Guilty is a graphic adventure game developede by Divide By Zero for MS-DOS and published in 1995 by Psygnosis. It is the sequel to Innocent Until Caught.

== Plot ==
The game's two main characters are Agent Ysanne Andropath and Jack T. Ladd. Ysanne, who works for the Federation Police and pilots the space ship Relentless, is a tough feminist/misandrist redhead, while Jack is a notorious thief and womanizer. The game starts with Ysanne capturing Jack for his crimes, when the player gets to choose one of the characters to play the game as. The locations and evolving plot are largely the same both ways, but the player can experience two sides of the story, and will be solving different puzzles.

After being jailed aboard the Relentless, Jack escapes his cell and destroys the ship's hyperdrive, when Ysanne is notified about a disaster on Lixa, a mining planet in the Altaros Nebula sector. It turns out that there is no one on the planet. As Jack the player has to find Tyrenium fuel for the ship, while Ysanne has to salvage the installation's logs. The clues lead to an invasion from another dimension.

The unwilling team visits other planets in order to triangulate the alien signals and locate their point of origin. One planet is Gelt which houses the Lucky Star casino/resort complex. There the player will meet Harrisienetta Fjord, the secretary of the casino owner who turns out to be Jack's old acquaintance, Tennant, and his girlfriend who is none other than Ruth P'Pau'D'P'Pau, Jack's love interest from the previous game. The Relentless is confiscated for different reasons depending on which is the protagonist and the player has to get it back.

The other planet, Broygus, is occupied by Federation military forces. Once again, the ship is confiscated by the local military for use in the war. Jack must steal back the Gyro Mechanism taken from their ship, while Ysanne tries to save the lives of soldiers who are being sacrificed needlessly.

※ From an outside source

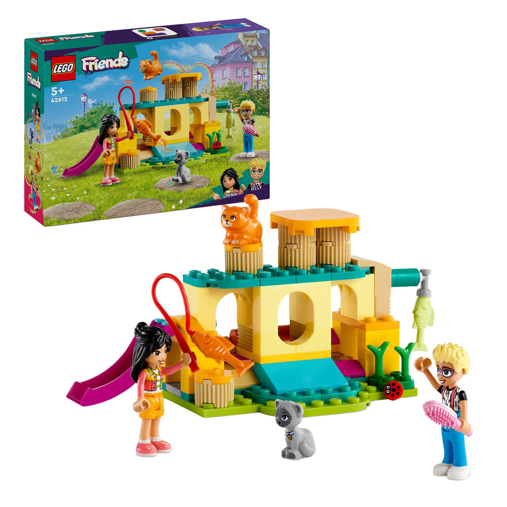 Kattenliefhebbers kunnen veel plezier beleven met de LEGO Friends Kattenspeeltuin set (42612) voor meisjes en jongens vanaf 5 jaar die van dieren speelgoed houden. De set bevat een bouwbare speeltuin, 2 LEGO Friends mini poppetjes, 2 speelgoed dieren figuren en accessoires voor het verzorgen van huisdieren, waaronder een speelgoed vis, kattenkruid, eten en een kattenbak.Inspireer urenlang speelplezier waarbij kinderen verhalen naspelen in de kattenspeeltuin. Ze zullen het geweldig vinden om de LEGO Friends personages Liann en Olly te helpen spelen met de poezen. Er is een glijbaan en een krabpaal, plus eten en drinken en zelfs een kattenbak waar kinderen kattenpoep in kunnen laten verschijnen met een hendel!Op zoek naar een leuk cadeau? Er zijn diverse bouwsets voor kinderen die van rollenspellen houden in het LEGO Friends universum. Geef je kind een eenvoudig en intuïtief bouwavontuur met de LEGO Builder app. Hiermee kan het inzoomen en modellen in 3D draaien, sets opslaan en de voortgang bijhouden.Afmetingen: deze LEGO set is ca. 7 cm hoog, 16 cm breed en 7 cm diep.Bevat 87 onderdelen.

When this task is complete, the protagonists receive a distress call from Lowe's Planet where they must save the colonists from an assault by an indigenous species. In that planet, the player will meet Nalm N'Palm, his sidekick from the previous game, who has joined the Interstellar Xenophobic Mercenary Force. Jack brings alien eggs to the leader Collins while Ysanne is fighting the mother of the creatures.

It is then discovered that the aliens come from the taxmen's station, the Corrupticon. On their way there they stop on the planet Haven which is a monastic retreat of retired taxmen. The protagonists are held captive there until the player dresses as a monk and causes the other protagonist to be "executed" for sacrilege.

The remaining protagonist reaches the Corrupticon where they meet the other protagonist who had teleported there. Also, they meet the villain from the previous game, P'Pau'D'P'Pau, who explains that events of the previous game and the breaking of his Transatron caused the aliens to find a way from Dimension 238 to this side of the universe. Finding the shards of the Transatron, the player closes the dimensional rift.

== Gameplay ==
The game uses a simple set of six actions the player can take. Inventory object graphics are shown in an inventory box at the bottom of the screen. Guilty uses rendered flight scenes for the spacecraft landing and taking off. The CD version of the game adds full speech for the two protagonists.